WHAT THIS TASK INVOLVES: Each line from the one containing "Afin de soutenir" through the last line of the data below should be printed exactly, please, with any pictures omitted.

PROVIDED DATA:
►
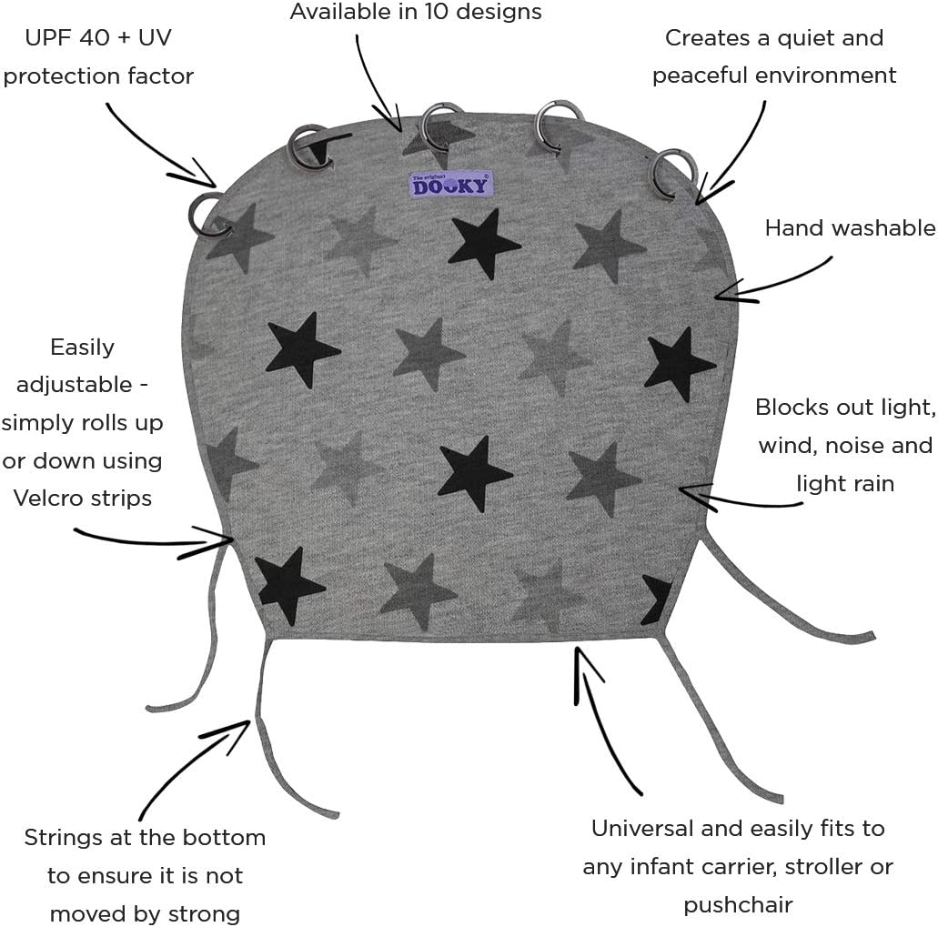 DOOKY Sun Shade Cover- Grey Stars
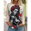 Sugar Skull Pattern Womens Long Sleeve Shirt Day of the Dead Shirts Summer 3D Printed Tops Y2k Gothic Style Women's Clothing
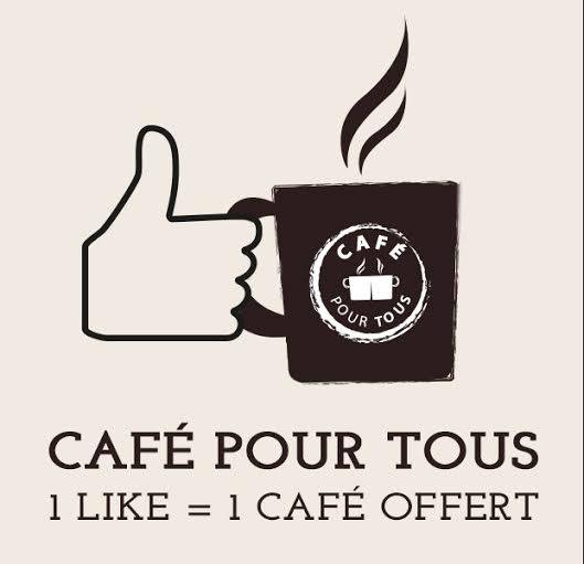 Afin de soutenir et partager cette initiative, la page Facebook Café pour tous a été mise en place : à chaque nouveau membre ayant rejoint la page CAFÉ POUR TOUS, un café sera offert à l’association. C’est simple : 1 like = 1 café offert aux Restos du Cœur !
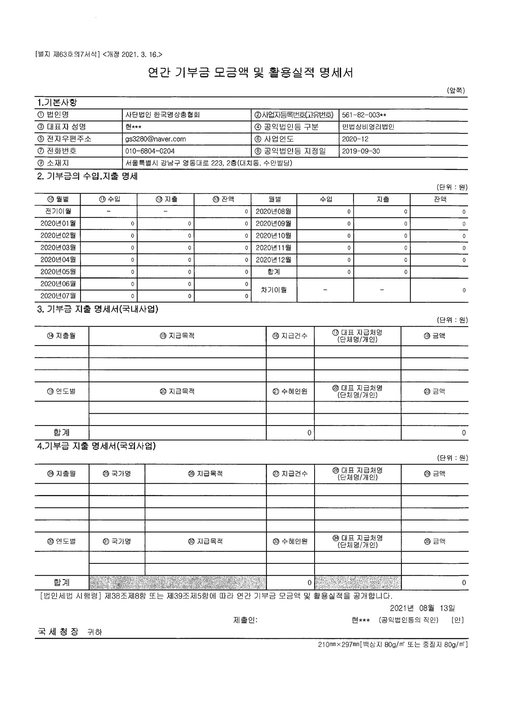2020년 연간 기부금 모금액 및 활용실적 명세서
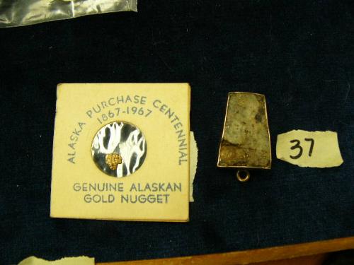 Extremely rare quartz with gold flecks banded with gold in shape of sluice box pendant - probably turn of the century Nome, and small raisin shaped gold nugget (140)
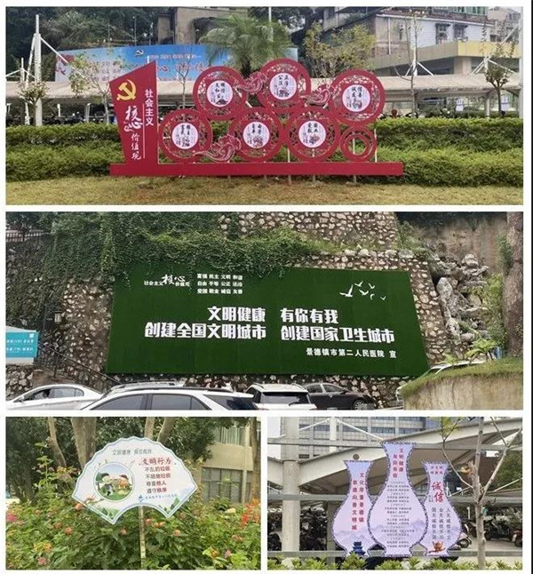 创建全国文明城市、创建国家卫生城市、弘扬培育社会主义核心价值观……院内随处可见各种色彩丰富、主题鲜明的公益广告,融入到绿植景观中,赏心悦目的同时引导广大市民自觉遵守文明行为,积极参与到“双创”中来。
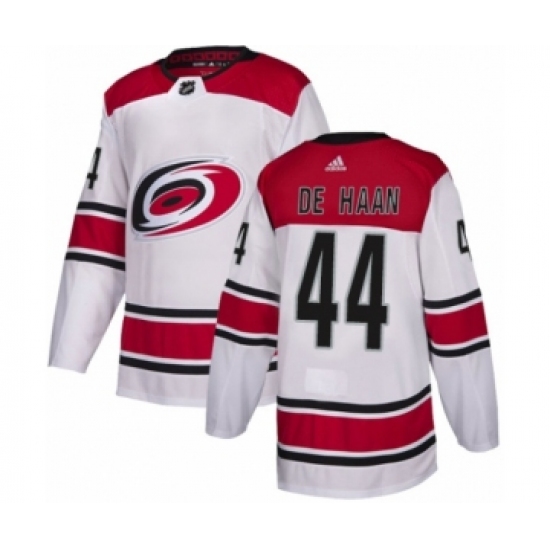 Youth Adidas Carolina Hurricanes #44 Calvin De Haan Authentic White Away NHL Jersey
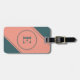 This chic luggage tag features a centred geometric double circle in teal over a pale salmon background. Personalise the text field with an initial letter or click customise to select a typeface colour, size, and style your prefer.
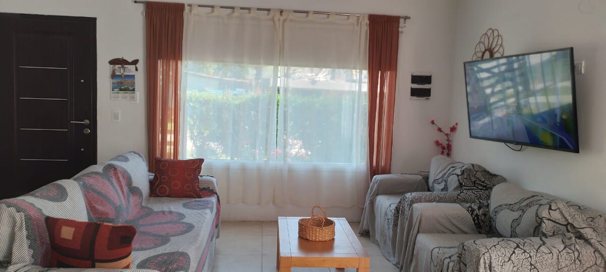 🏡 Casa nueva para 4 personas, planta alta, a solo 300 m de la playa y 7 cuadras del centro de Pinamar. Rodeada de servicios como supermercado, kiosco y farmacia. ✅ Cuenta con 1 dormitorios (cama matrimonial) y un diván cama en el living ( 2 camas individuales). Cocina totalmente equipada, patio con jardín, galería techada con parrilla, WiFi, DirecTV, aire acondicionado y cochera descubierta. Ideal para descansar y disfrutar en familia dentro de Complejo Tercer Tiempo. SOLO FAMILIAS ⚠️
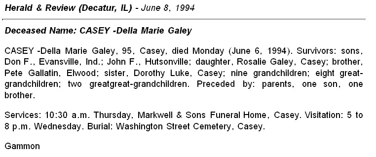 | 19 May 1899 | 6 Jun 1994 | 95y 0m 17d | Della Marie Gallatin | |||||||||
◄
WRITTEN ANSWER:
 Afin de soutenir et partager cette initiative, la page Facebook Café pour tous a été mise en place : à chaque nouveau membre ayant rejoint la page CAFÉ POUR TOUS, un café sera offert à l’association. C’est simple : 1 like = 1 café offert aux Restos du Cœur !
2020년 연간 기부금 모금액 및 활용실적 명세서
 Extremely rare quartz with gold flecks banded with gold in shape of sluice box pendant - probably turn of the century Nome, and small raisin shaped gold nugget (140)
 创建全国文明城市、创建国家卫生城市、弘扬培育社会主义核心价值观……院内随处可见各种色彩丰富、主题鲜明的公益广告,融入到绿植景观中,赏心悦目的同时引导广大市民自觉遵守文明行为,积极参与到“双创”中来。
 Youth Adidas Carolina Hurricanes #44 Calvin De Haan Authentic White Away NHL Jersey
 This chic luggage tag features a centred geometric double circle in teal over a pale salmon background. Personalise the text field with an initial letter or click customise to select a typeface colour, size, and style your prefer.
 🏡 Casa nueva para 4 personas, planta alta, a solo 300 m de la playa y 7 cuadras del centro de Pinamar. Rodeada de servicios como supermercado, kiosco y farmacia. ✅ Cuenta con 1 dormitorios (cama matrimonial) y un diván cama en el living ( 2 camas individuales). Cocina totalmente equipada, patio con jardín, galería techada con parrilla, WiFi, DirecTV, aire acondicionado y cochera descubierta. Ideal para descansar y disfrutar en familia dentro de Complejo Tercer Tiempo. SOLO FAMILIAS ⚠️
 | 19 May 1899 | 6 Jun 1994 | 95y 0m 17d | Della Marie Gallatin | |||||||||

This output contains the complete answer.